If you're a reader of Screaming Mimi you probably know that I suffer from Bi-polar disorder type II. If you're interested in reading about bipolar type II you can see my old post here.
There's a Cymbalta commercial that comes on TV and the theme is Depression Hurts. I hate seeing that commercial.
Being trapped in your own head, that is constantly telling you how worthless you are and how much you can't do gets tiring. Fast.
Some days it takes me to the point where I'm unable to function to do even the smallest things like making dinner for my family or unloading the dishwasher.
The chemicals in my brain are different from the norm, it takes me longer to get motivated to do things, if I can do them at all. Leaving the house for any social interaction is hard and actually impossible at times. When taking Oskar for a walk is too daunting for me, I know that I'm having a rough patch.
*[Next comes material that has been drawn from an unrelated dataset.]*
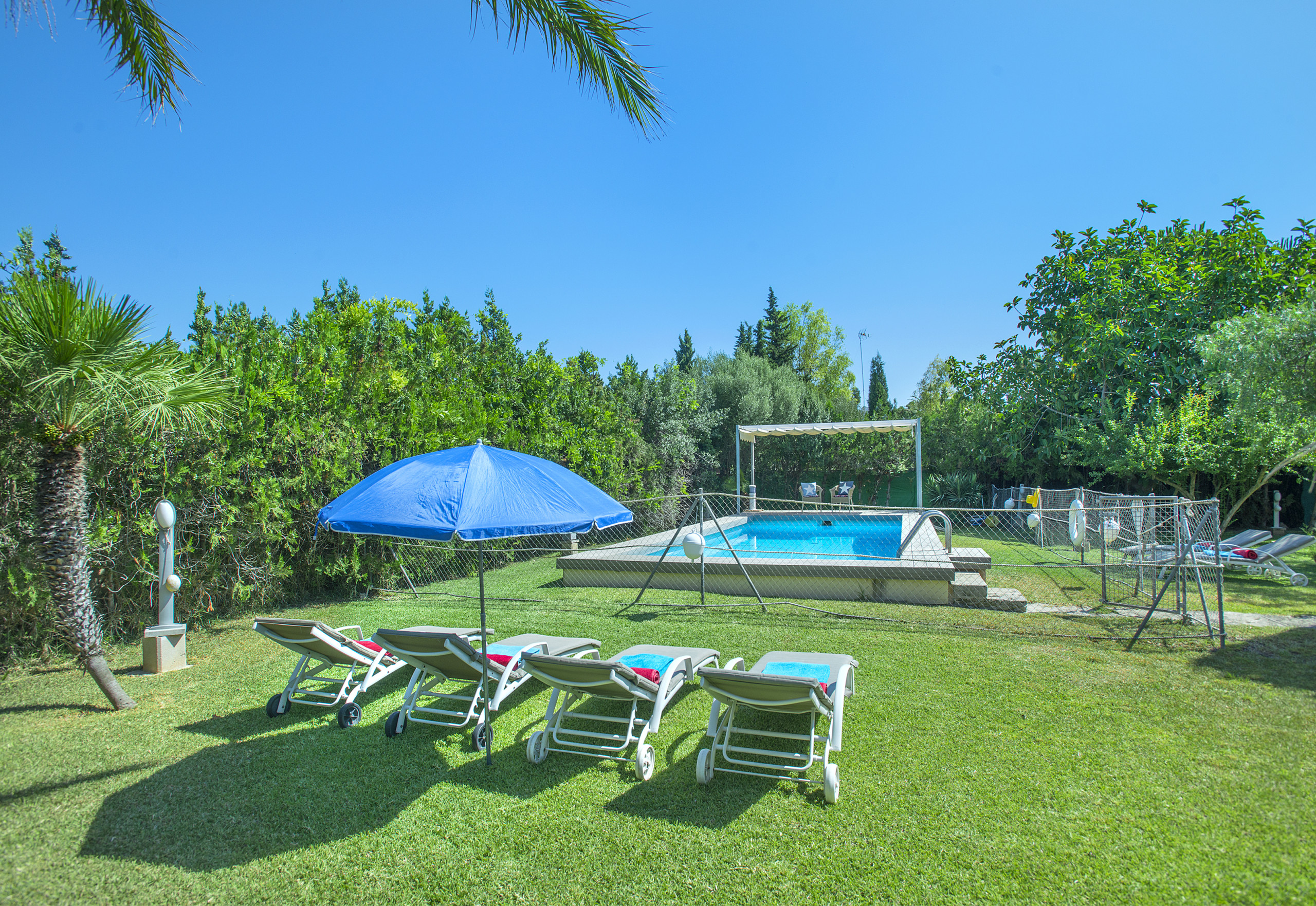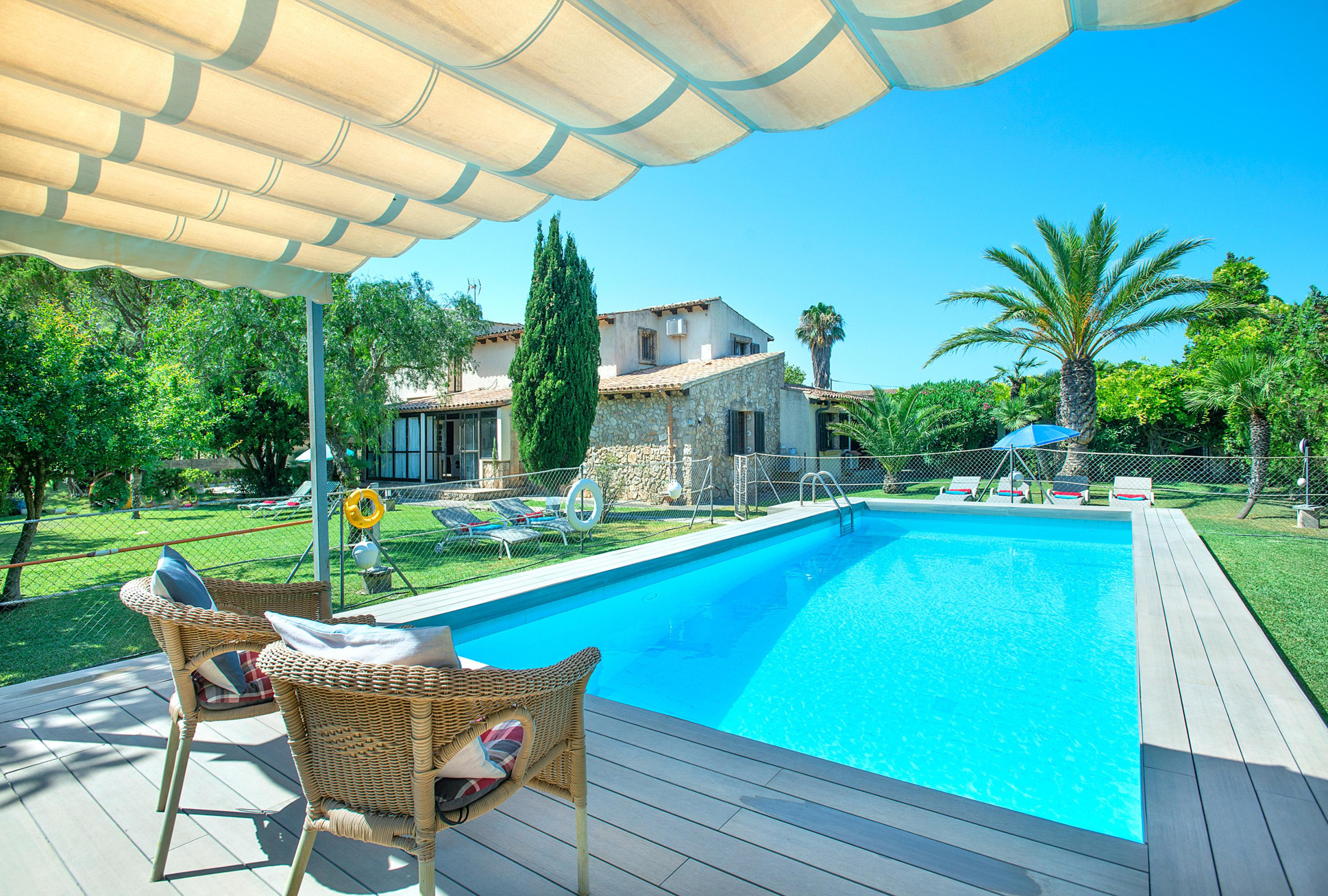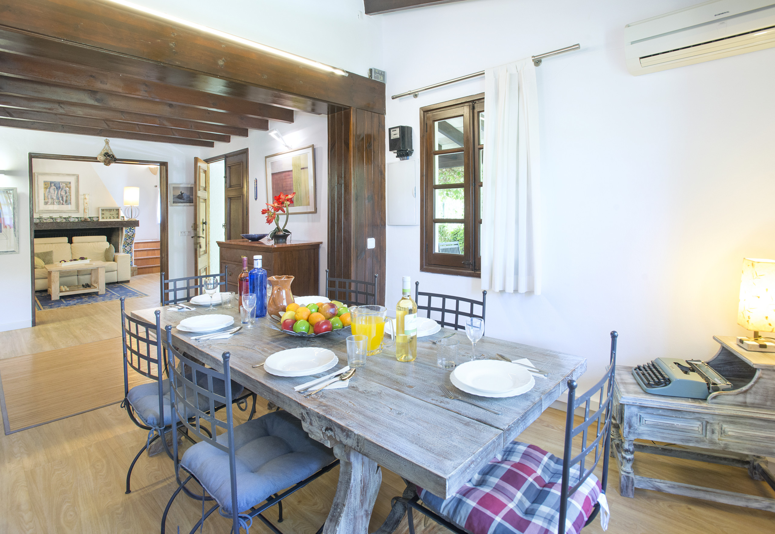 Im Außenbereich bietet Villa Francesc einen privaten Swimmingpool, umgeben von einem großzügigen Garten, ideal für Familien, da der Pool eingezäunt ist. Außerdem stehen ein Grill, Außenmöbel für Mahlzeiten im Freien sowie ein privater Parkplatz auf dem Grundstück zur Verfügung. Die ruhige Atmosphäre macht diese Villa zu einem idealen Ort für erholsame Ferien auf Mallorca.
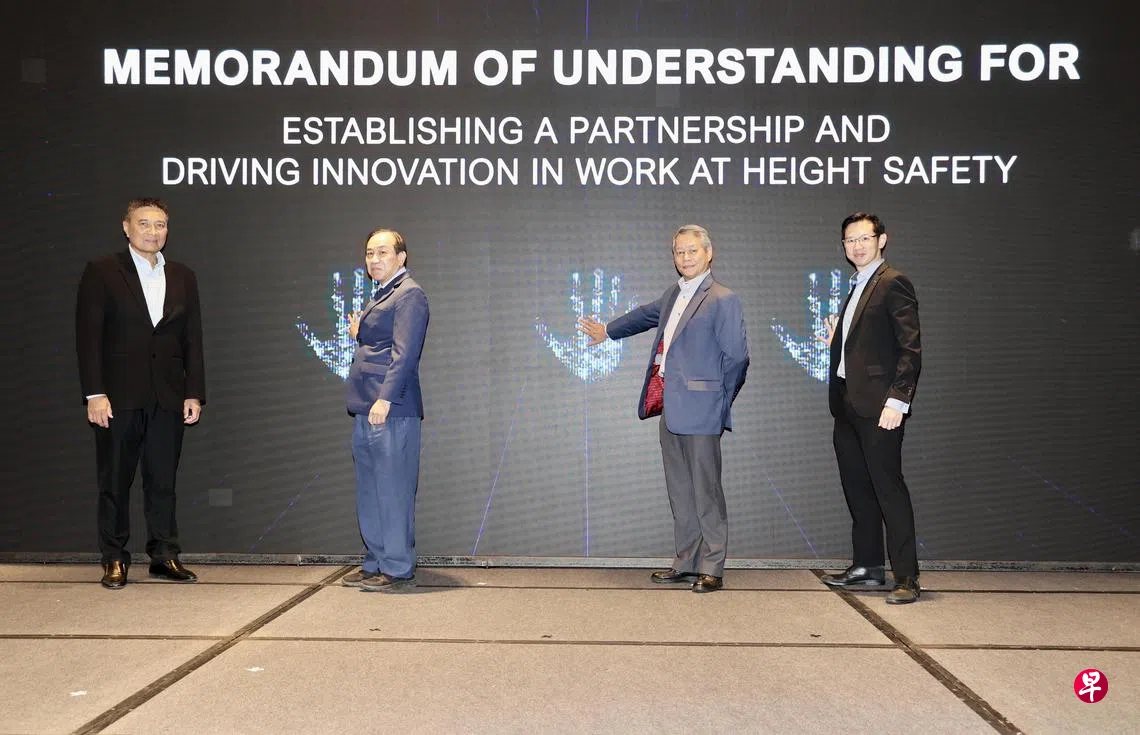 工作场所安全与卫生理事会星期二(3月18日)在新加坡博览中心,与新加坡科技设计大学和新加坡社科大学分别签订合作备忘录,提高高空作业安全。

Hello, rough patch.
I got up this morning and went to see my mom. I didn't do any of my other errands, but I did the most important one and enjoyed spending some time with her, seeing some of the things that my grandmother had saved and reading a letter from my mom's grandpa.
As always I'm writing this (somewhat disjointed) post in an ongoing effort to help people understand bipolar, depression, & mania. We're not crazy, we're not lazy, we're hurting and if we're lucky we know that this episode will pass, hopefully sooner rather than later.